Может, найти другую квартиру?

Но тогда шкаф нужно будет опять отодвигать, чтобы выбраться наружу, а сил на это не осталось.

Женщина сидела и вспоминала, где она могла оставить банку с ананасами.


***

Она сидела на кухне, на полу, в кромешной тьме и гвоздем пыталась расковырять эти самые ананасы. Ржавый гвоздь для подобных дел никак не годился, но ничего другого под рукой не было.

– Ай! – вскрикнула она, когда поранила ладонь; тут же присосалась к ранке, а за банку взялась другой рукой, перехватив ею гвоздь.

Вкус сока показался горьким. Жидкость сочилась из образовавшегося отверстия, женщина жадно высасывала ее, хрюкая и давясь. Потом почти с остервенением принялась бить гвоздем по банке, чтобы добраться до мякоти, до плода, долек, нарезанных и сладких. Ругалась грязными словами, которых до сего момента себе не позволяла.

Кое-как ей удалось разворотить банку, она хватала рукой, запрокидывала голову, хватала, запрокидывала, вываливала в рот то, что было, не ела – жрала, испуская гортанные звуки наслаждения.

Консервированные ананасы были противны на вкус, но женщина ничего не могла с собой поделать.


***

Потом она снова спала с перевязанной рукой, и ей снились кошмары. Там она так же боролась с консервной банкой, но, когда открыла, то показались не золотистые сочные дольки, а нечто другое. Какое-то белесое, с красными прожилками, застревающее во рту из-за тошнотворного своего вкуса, не могущее лезть дальше, жирное.

Вздрогнула, проснувшись от звука выстрелов за окном.

Кто-то что-то прокричал, потом всё снова затихло.
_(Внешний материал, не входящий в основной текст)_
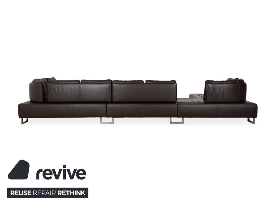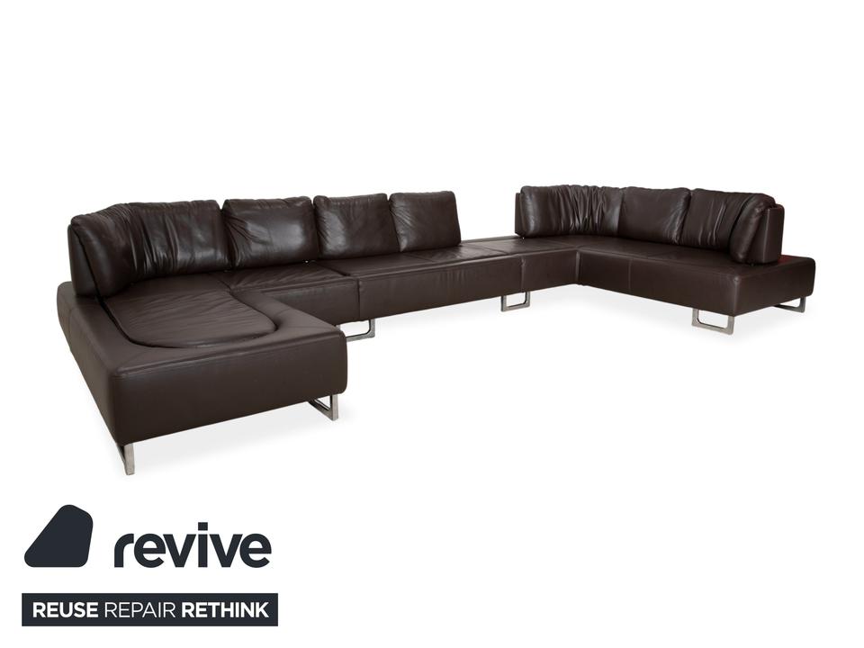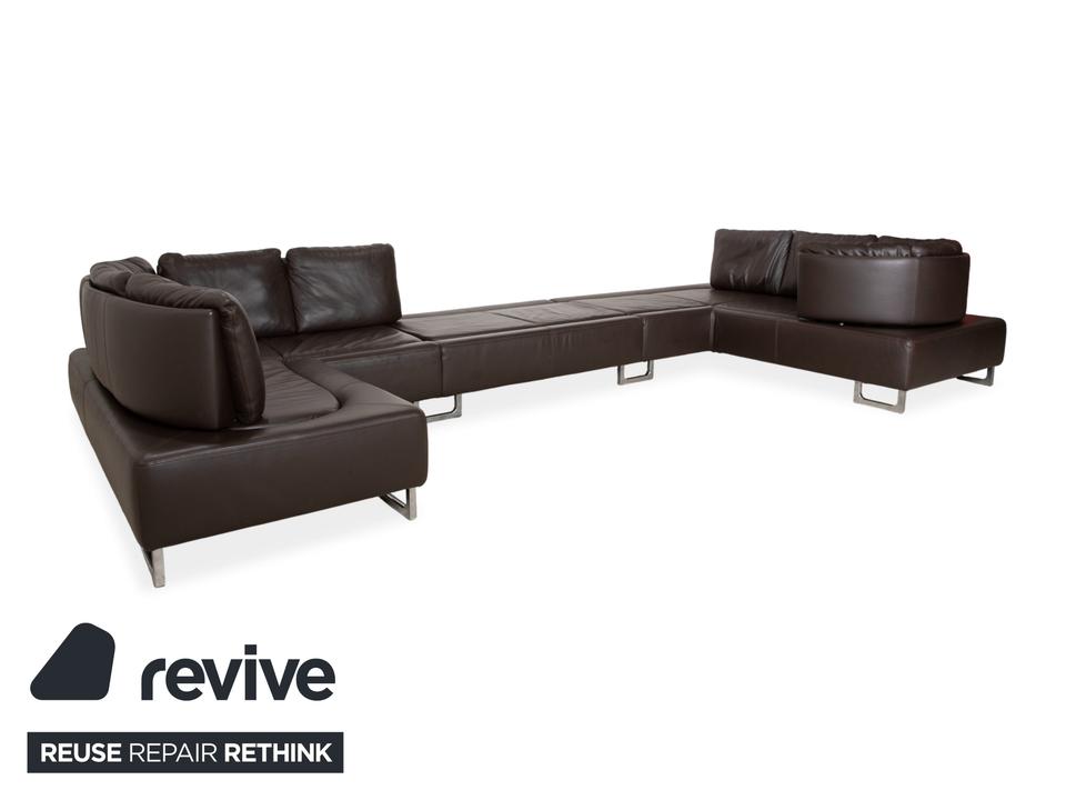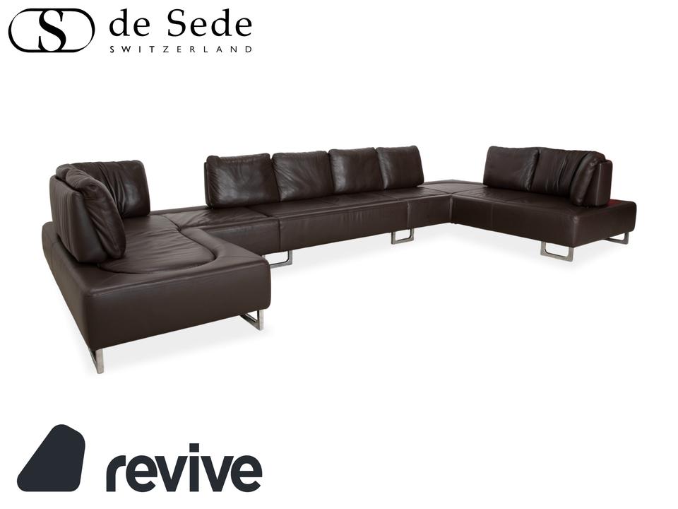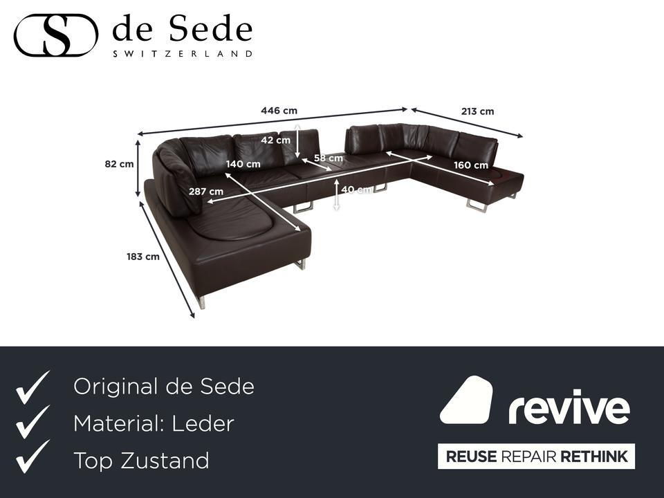 Das Modell DS-165, entworfen von Hugo de Ruiter, ist weit mehr als nur ein Sofa: es ist eine Wohnlandschaft, die Schweizer Handwerkskunst neu definiert. Das Herzstück dieses Designs ist die innovative 360-Grad-Funktion: Die Rückenlehnen lassen sich manuell entlang der Kurven der großzügigen Plattform verschieben. So kann die Sitzposition immer wieder neu ausgerichtet werden: für das Heimkino, mal als kommunikative Runde oder als offene Wohnlandschaft. Mit einer Rückenhöhe von 45 cm (aufgesetzt) bietet das Sofa genau den richtigen Halt, ohne den Blick durch den Raum zu versperren.Der Bezug aus sattem, dunkelbraunem Leder ist ein haptisches Erlebnis: Das charakteristische, dicke de Sede Leder ist griffig, robust und dennoch handschuhweich. Ein besonderes Augenmerk liegt auf dem Fundament: Die markanten Kufenfüße bestehen aus alupoliertem Metall, das einen schönen Akzent mit dem dunklen Leder bildet. Sie verleihen dem massiven Volumen nicht nur eine schwebende Leichtigkeit und einen glänzenden Kontrast, sondern sind auch durchdacht ausgestattet: Dank integrierter Gleiter ist diese Design-Ikone besonders schonend zu Parkettboden.Diese Konfiguration besteht aus drei Elementen, die viel Platz zum Entfalten bieten:Anbauteil Links: Breite 147 cm | Tiefe 182 cm | Höhe 84 cmAnbauteil Mitte: Breite 187 cm | Tiefe 25 cm* | Höhe 45 cmAnbauteil Rechts: Breite 162 cm | Tiefe 212 cm | Höhe 84 cm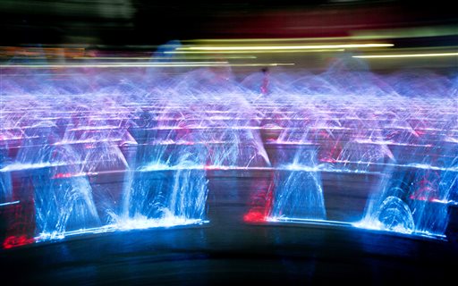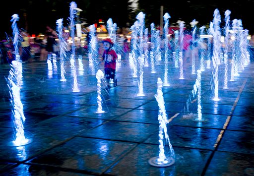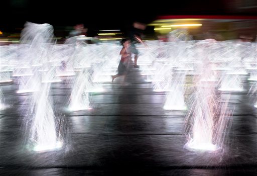 L'ondata di caldo che ha investito la Romania, ha reso le fontane di Bucarest luoghi di ristoro per bimbi e adulti che corrono a bagnarsi sotto le luci della notte, creando notevoli effetti artistici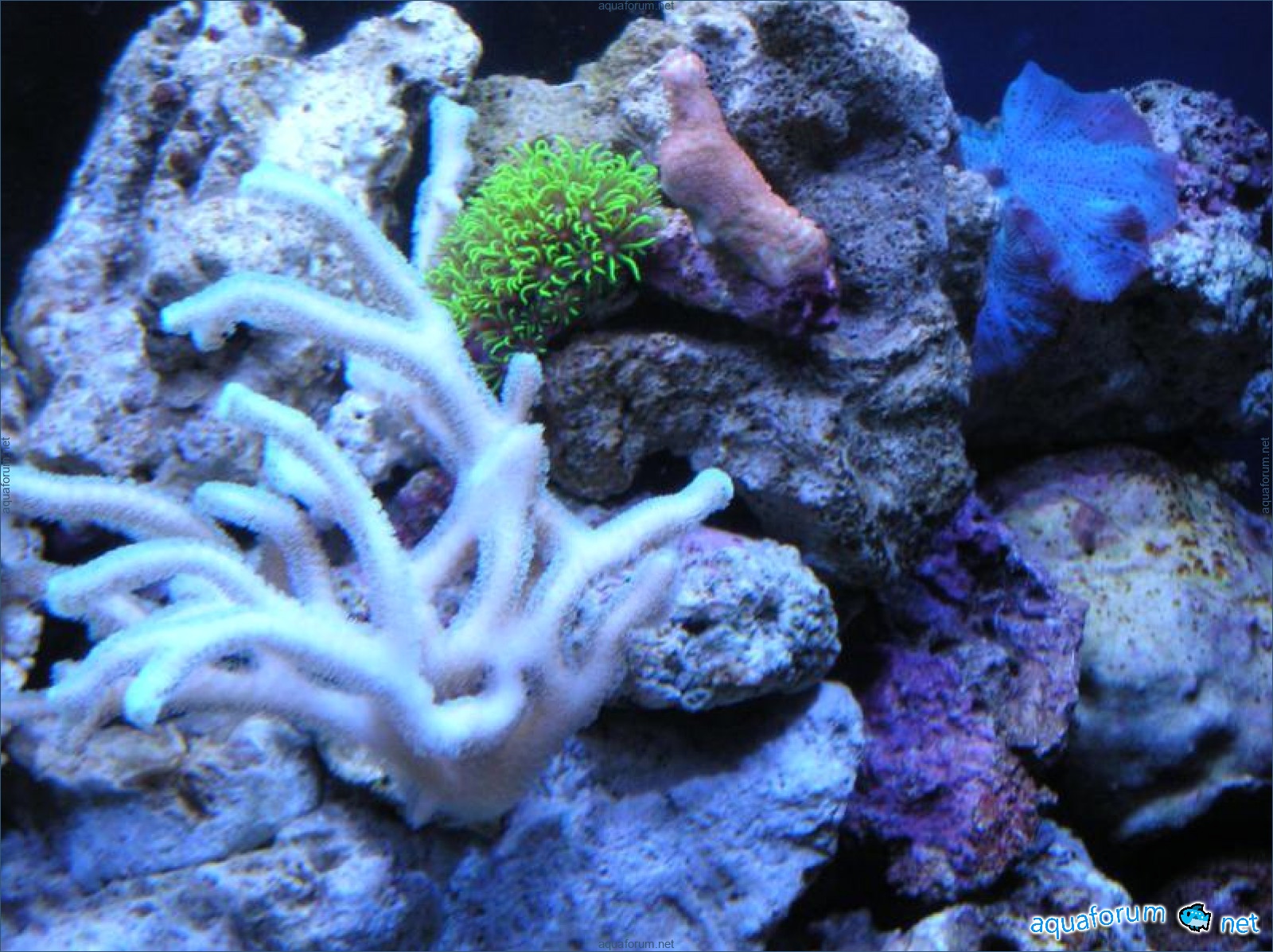 Hello everyone! A month ago, I launched an aquarium. The parameters are as follows: Size: 42x38x38 (W H D) (about 45 liters of water) Lighting: 3 collar lamps. One of them with a controller. Protein skimmer: Aqua medic turboflotor 500 Wave maker: hydor LCD (live rock): 9kg Salt: coral pro salt When launching the aquarium and setting up the rocks, I the rocks, I considered several points. - The less the rocks touch the sand, the better. With the right current, less dirt will accumulate. - There should be caves and depressions for the fish to hide in. - The rock pile is located at a distance from the side walls. This is an important point for me in terms of the convenience of cleaning the glasses in the future. - For the first week, the duration of the day was no more than 8 hours, so that algae would not start growing. Instead of 3 lamps, only one was turned on. The aquarium only had rocks. Over the course of the second week, I gradually transferred corals from a small aquarium to the new one. I watched how they felt. When the condition was not pleasing, I replaced the water, after which I transferred other corals. I am now satisfied with the condition of the aquarium. There is no algae, and the corals are doing well and growing. Two days ago, I bought ocellaris and a shrimp. I have not added or purchased any additives yet, as I am still learning about them. Most of the corals are currently not in their proper places. The aquarium is one month ol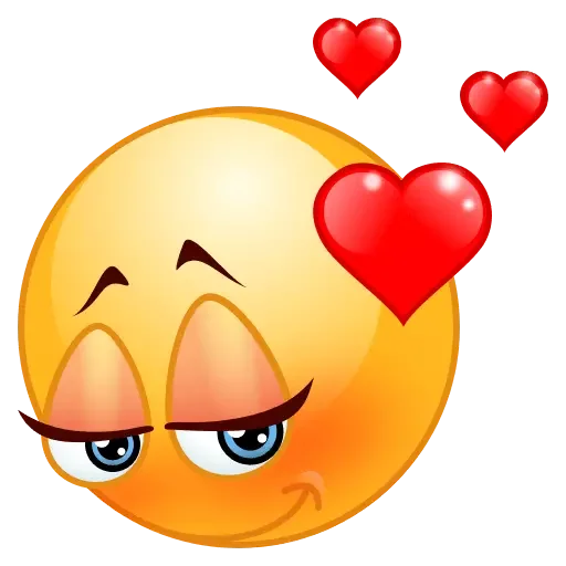 Emoji amarelo com expressão de amor, bochechas rosadas e três corações vermelhos.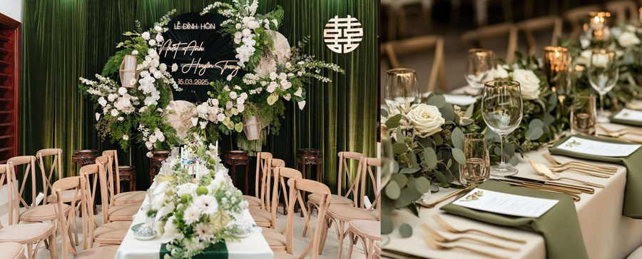Trang trí bàn tiệc với lá ô liu, hoa baby trắng hoặc hoa hồng kem sẽ giúp tổng thể trở nên mềm mại và thanh thoát. Bảng màu này đặc biệt phù hợp với những cặp đôi yêu thích phong cách tối giản, nhẹ nhàng nhưng vẫn sang trọng.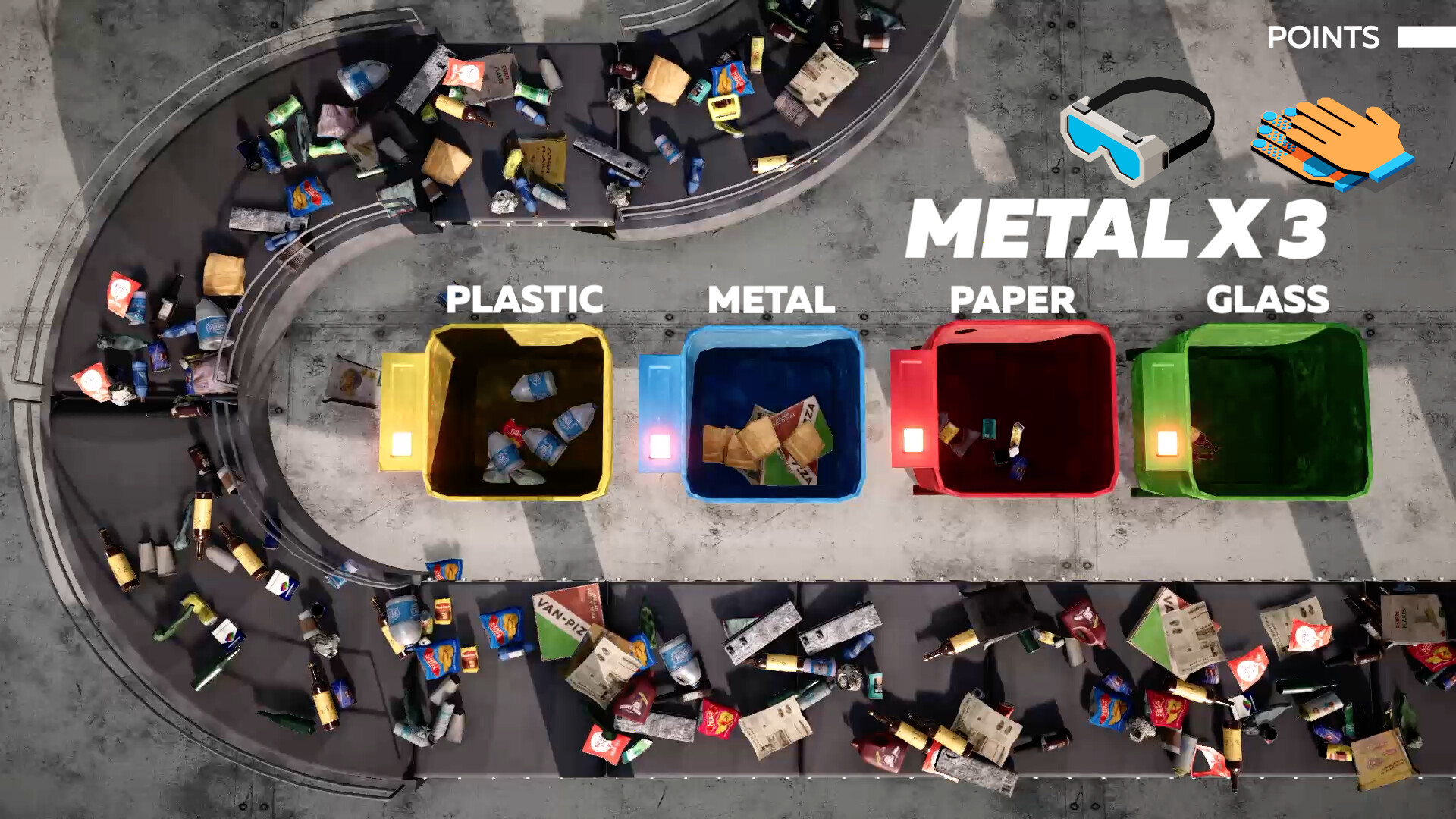 Enjoy the cooperative experience with local multiplayer! Break the record by throwing litter into proper bins and hitting combo! Feel the rhythm while the sorting belt keeps speeding up more and more! Optimize your flow! Find a way to be the most efficient and earn points for each correct match. Become the best of all sorters while having fun with friends.

Тело ломило, хотелось извиваться и выгибаться в дугу. В глазах щипало и жарилось от высокой температуры. Женщина хотела подняться, но путалась в складках пальто. На четвереньках поползла в туалет. Там ее рвало так долго, что казалось, что она не банку, а целый вагон ананасов слопала. Согнувшись над унитазом, обхватив его руками, стонала и выла. Потом спустила воду. И уже через миг, слушая, как всё это уходит в небытие канализационных труб, простонала:

– Нет!

Сидела и плакала подле унитаза, не могла себе простить той глупости, которую только что сотворила.

Вода! Нет!

И заплакала так горько, что слезы, горючие, едкие, обжигали лицо, пока скатывались к подбородку.


***

Днем выбросила ковер.

На то, чтобы собрать его, потребовалась уйма времени и сил. Бурое пятно и кусочки чего-то засохшего – от них и воняло. Даже сильнее, чем от мяса в холодильнике.

Выбросила прямо из окна. И потом подождала несколько минут, пристроившись в углу, укрывшись пальто, с открытым окном, пока комната не проветрится.

Когда, чтобы закрыть окно, подползла к подоконнику, выглянула на улицу.

Никого.

От того края до этого – никого. Всё, казалось, вымерло. Было так тихо и спокойно, что тишину такую можно было подхватывать ладошками и сдувать обратно.

Закрыла окно, отползла в свой угол.

Забыться сном не могла. Кашляла.


***

Не могла также понять (или вспомнить?), как очутилась в туалете.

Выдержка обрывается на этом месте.